Summary
PepsiCo, Inc. reported solid financial results for the first half of 2008, showcasing robust revenue and profit growth. For the 24 weeks ended June 14, 2008, net revenue increased by 14% to $19.3 billion, and operating profit grew by 11% to $3.7 billion. This growth was driven by a combination of volume increases across most divisions, effective net pricing strategies, and favorable foreign currency translation, which contributed significantly to international segment performance. While the company demonstrated strong operational performance, investors should note increased net interest expense due to higher average debt balances and strategic share repurchases totaling $2.9 billion in the first half of the year, alongside a $1.2 billion dividend payout. The company also announced an increase in its quarterly dividend and plans to repurchase at least $5.3 billion of its shares in 2008, underscoring its commitment to returning capital to shareholders.
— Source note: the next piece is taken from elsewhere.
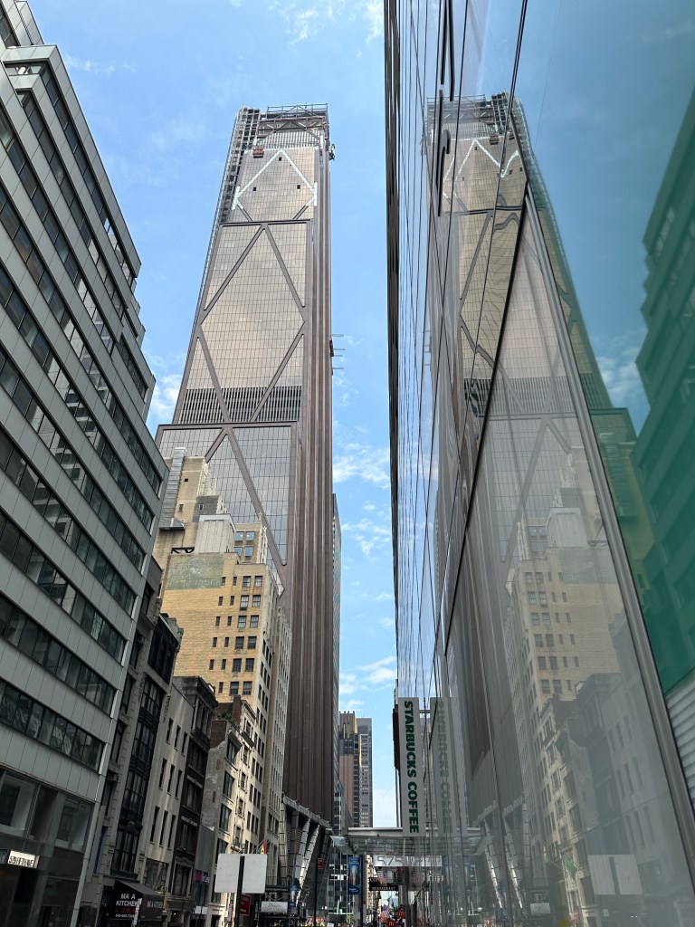The-Youngest had a rough idea of going to see the building in Suits, so that’s where we headed. Along the way, we saw Broadway, an old synagogue (the Manhattan Central Synagogue), and a few super tall buildings (oh, who are we kidding, there were super tall buildings everywhere!) and I went crazy taking pictures of modern architecture, old architecture, skyscrapers, windows full of jewelry, old-fashioned mail-drops and one building that had windows that looked like the stern of a ship (the navigation guild building).

Management is actively hedging against commodity cost fluctuations, mitigating some of the impact of rising raw material and energy costs.
Key Highlights
- 1Net revenue increased by 14% to $19.3 billion for the 24 weeks ended June 14, 2008, compared to $16.96 billion in the prior year.
- 2Operating profit rose by 11% to $3.74 billion for the 24 weeks ended June 14, 2008, compared to $3.38 billion in the prior year.
- 3Diluted earnings per share increased by 10% to $1.76 for the 24 weeks ended June 14, 2008, compared to $1.59 in the prior year.
- 4Strong volume growth was observed across many divisions, particularly in Latin America Foods (LAF) and Middle East, Africa & Asia (MEAA), with overall servings increasing by 4.5% for the 24-week period.
- 5The company returned significant capital to shareholders through $2.9 billion in share repurchases and $1.2 billion in dividend payments during the first 24 weeks of 2008.
- 6Favorable foreign currency movements provided a notable boost to international segment revenues and operating profits.
- 7The company actively managed commodity price risks through additional derivative contracts to hedge against fluctuations in raw material and energy costs.